25 Haziran 2015 Perşembe

SEKİZ BUÇUK: BANA BİR RÜYA ANLAT, İÇİNDE FELLİNİ OLSUN


Federıco Fellini ‘La Dolce Vita’ filmi ile ülkesinde ve yurt dışında çok büyük üne kavuşur ve birçok ödül kazanır. Bu durum Fellini’ye çok büyük rahatlık, para ve özgürlük sağlar. Bu rehavet içerisinde bir sonraki Sekiz Buçuk filmini çeker. Tüm filmleri kendinden izler taşısa da Sekiz Buçuk tam olarak Fellini’nin kendisidir. Özellikle çocukluğuna bir saygı duruşu niteliğindeki bu film yeni filmini çekme hazırlığında olan bir yönetmenin üretememe sancılarını anlatır. Fellini son filminde büyük başarı elde edince diğer birçok sanatçının yaşadığı onun kadar iyisini ya da ondan iyisini bir daha yapamayacağına dair korkularla baş başa kalır. Bu sancılarını perdeye aktarmaya karar veren Fellini filmde bir türlü tamamlanamayan yapıma atfen de adını Sekiz Buçuk koyar. İşte bu bir türlü dokuz olamayan film Fellini’nin faşizm ve Katoliklik ile derdini ortaya koyduğu ama en önemlisi annesi de dahil olmak üzere kadınlarla kurduğu hayal dünyasının perdedeki yansıması olur.
Film, yönetmen Guido’nun rüya sekansı ile başlar. Ama ne rüya… İster misiniz bu rüyanın derinlerine bir yolculuk yapalım? Bir tünelde sıkışmış trafikte arabaların ulaşmak istedikleri istikamete ilerlemeye çalıştıklarını görürüz. Bu arabaların birinde de Guido vardır. Bu tüneli vajina, arabaları da sperm olarak düşünürsek döllenmeyi başaran spermin Guido olduğunu anlarız. Çünkü Guido bir süre sonra bulunduğu arabanın içerisinden çıkmaya çalışır. Zaten derinden gelen kalp atışı seslerinin dışında mutlak sessizliğin olması da bunun kanıtıdır. Fakat bir türlü fetüs şeklinde ki duruşu ile rahmin duvarlarını itelese de çıkmayı başaramaz Guido.  Neyse ki tüm bebeklerde olduğu gibi hayata çıkış yolunu bulur nihayet. Arabanın üst penceresinden önce başını sonra da vücudunu yavaş yavaş çıkarır. Bu zorlu yolculuktan sonra dışarı süzülüşü görülmeye değerdir. Kollarını iki yana açarak tıpkı bir melek gibi göklere süzülür. Fakat unuttuğu bir şey vardır Guido’nun. Göbek bağı hala kesilmemiştir. Doğar doğmaz melek olmaya izin verilmez öyle. Gerçek hayatta kene gibi ona yapışacak insanlar tarafından göbek kordonundan çekilerek yaşamın tam da ortasına bırakılır.  
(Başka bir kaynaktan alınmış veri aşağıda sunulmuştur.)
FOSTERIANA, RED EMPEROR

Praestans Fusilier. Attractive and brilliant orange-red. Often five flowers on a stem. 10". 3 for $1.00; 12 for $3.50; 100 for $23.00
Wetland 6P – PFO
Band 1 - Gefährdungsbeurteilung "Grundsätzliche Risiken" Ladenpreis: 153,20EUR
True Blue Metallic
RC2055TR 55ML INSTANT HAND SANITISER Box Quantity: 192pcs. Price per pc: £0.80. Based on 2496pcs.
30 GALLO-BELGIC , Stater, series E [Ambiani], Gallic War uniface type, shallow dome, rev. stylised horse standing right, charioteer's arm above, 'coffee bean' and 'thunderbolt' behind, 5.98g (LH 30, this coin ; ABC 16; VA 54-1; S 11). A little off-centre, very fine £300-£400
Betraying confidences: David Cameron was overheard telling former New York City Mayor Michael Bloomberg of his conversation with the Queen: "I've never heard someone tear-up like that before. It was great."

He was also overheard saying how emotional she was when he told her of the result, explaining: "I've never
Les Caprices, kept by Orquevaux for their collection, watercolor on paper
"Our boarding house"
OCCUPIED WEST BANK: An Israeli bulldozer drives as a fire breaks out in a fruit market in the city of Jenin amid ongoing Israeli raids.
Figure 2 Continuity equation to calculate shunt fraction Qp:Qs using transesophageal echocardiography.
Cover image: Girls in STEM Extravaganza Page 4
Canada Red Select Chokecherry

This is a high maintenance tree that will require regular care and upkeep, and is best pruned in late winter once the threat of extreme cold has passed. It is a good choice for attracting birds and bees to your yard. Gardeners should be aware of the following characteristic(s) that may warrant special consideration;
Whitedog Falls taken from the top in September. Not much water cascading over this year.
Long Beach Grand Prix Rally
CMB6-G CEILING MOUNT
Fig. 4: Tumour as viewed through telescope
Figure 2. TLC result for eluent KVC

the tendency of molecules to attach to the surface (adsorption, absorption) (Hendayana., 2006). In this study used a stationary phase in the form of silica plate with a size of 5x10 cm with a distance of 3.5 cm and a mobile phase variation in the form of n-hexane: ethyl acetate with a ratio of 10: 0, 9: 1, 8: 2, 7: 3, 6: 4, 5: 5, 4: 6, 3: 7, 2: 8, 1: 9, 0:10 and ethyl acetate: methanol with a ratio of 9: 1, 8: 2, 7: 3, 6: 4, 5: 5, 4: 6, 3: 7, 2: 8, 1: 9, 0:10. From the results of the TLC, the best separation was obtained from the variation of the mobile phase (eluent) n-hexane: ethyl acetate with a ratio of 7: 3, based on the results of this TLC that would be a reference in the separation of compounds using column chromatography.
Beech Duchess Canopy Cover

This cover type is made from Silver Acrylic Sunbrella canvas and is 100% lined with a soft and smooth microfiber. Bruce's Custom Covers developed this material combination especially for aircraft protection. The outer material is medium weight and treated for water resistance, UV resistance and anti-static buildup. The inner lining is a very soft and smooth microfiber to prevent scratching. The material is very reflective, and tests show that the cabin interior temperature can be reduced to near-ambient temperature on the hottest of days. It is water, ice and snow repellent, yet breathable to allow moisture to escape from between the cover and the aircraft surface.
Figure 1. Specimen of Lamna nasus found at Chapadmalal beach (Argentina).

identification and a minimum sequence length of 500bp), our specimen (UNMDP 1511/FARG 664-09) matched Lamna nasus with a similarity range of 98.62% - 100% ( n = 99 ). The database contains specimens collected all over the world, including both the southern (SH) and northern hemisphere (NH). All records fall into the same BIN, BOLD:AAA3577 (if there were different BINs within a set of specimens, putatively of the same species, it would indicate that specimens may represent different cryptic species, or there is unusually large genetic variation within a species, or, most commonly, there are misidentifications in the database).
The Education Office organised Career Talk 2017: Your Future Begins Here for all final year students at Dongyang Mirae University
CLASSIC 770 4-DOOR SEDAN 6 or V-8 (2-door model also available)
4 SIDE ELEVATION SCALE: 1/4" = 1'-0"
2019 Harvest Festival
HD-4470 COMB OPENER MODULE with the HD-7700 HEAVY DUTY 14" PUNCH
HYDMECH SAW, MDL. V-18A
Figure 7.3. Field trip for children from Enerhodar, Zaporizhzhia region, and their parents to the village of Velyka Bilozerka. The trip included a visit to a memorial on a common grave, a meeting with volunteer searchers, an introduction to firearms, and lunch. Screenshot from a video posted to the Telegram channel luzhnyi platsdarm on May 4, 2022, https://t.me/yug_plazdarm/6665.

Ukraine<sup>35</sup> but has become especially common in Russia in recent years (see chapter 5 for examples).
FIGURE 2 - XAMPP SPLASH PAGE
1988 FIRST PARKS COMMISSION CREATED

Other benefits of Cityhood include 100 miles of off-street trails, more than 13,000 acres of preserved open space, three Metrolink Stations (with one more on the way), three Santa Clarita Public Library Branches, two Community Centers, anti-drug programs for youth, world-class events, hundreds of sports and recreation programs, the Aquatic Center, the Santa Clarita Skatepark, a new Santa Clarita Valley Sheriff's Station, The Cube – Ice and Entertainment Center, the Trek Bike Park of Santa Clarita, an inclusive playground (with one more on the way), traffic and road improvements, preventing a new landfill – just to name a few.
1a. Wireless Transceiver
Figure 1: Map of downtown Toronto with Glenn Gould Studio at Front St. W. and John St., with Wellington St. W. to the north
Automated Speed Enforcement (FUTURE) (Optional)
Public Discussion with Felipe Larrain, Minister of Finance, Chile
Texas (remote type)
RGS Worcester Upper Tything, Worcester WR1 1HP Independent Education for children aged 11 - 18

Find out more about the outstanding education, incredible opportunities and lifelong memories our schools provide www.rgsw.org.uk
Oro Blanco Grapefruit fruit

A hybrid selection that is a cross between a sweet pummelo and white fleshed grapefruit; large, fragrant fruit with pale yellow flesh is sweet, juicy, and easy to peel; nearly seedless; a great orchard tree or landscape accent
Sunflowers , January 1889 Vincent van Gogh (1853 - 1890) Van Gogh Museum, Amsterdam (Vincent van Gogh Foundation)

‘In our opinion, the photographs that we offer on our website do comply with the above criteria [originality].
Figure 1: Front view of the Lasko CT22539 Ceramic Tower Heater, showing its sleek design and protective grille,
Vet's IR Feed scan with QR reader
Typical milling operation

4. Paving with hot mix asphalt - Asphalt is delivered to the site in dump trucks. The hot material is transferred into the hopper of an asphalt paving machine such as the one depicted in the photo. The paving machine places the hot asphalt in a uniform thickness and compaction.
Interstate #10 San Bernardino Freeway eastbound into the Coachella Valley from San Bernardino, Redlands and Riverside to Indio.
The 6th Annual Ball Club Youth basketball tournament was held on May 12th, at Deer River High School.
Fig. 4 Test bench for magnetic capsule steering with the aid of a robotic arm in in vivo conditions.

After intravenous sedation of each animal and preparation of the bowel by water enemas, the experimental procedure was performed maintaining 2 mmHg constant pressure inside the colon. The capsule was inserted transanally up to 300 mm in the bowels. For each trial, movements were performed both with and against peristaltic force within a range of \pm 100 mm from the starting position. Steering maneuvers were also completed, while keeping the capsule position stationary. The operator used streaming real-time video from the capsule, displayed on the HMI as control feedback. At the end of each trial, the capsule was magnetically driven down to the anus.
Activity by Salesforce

Sekiz Buçuk, geleneksel sinemanın hiçbir kuralını uygulamaz. Her ne kadar doğrusal ilerleyen bir kurgusu olsa da gerçek hayat ile rüyalar birbirine girdiği için takip etmesi kimi zaman oldukça zor olur. İlk izlenildiğinde pek bir şey anlaşılmayan, yer yer izleyenin sıkıldığı ama sonraki izleme deneyimlerinde hakkı verilecek filmlerden.  Zaten Fellini ne filmlerini anlaşılmasını ister ne de seyirci olarak özdeşlik kurmamızı. Elinden geldiği kadar seyirciyi filme yabancılaştırmaya çalışır; sesli film teknolojisi başlamasına rağmen ısrarla filmlerini dublajlı-dudak hareketleri ile ses uyumlu değildir- çeker, ortam sesini neredeyse hiç kullanmaz. Ayrıca filmlerinde en çok imge kullanan yönetmenlerden de biridir.
Fellini’nin kendisinin bir yansıması olarak yarattığı Guido karakteri aracılığıyla tabiri caizse duygusal stripriz yapıyor.  Zira Fellini konuşmak istiyor. Bunu Guido’ya söylettiği ‘Söylemek istediğim bir şey yok, ama yine de konuşmak istiyorum’ sözlerini söyletmesinden de anlıyoruz. Kendi iç dünyasını bize tüm samimiyetiyle aktaran Fellini’nin bu filmi yıllar boyunca eskimeyen bir klasik olarak kalacaktır.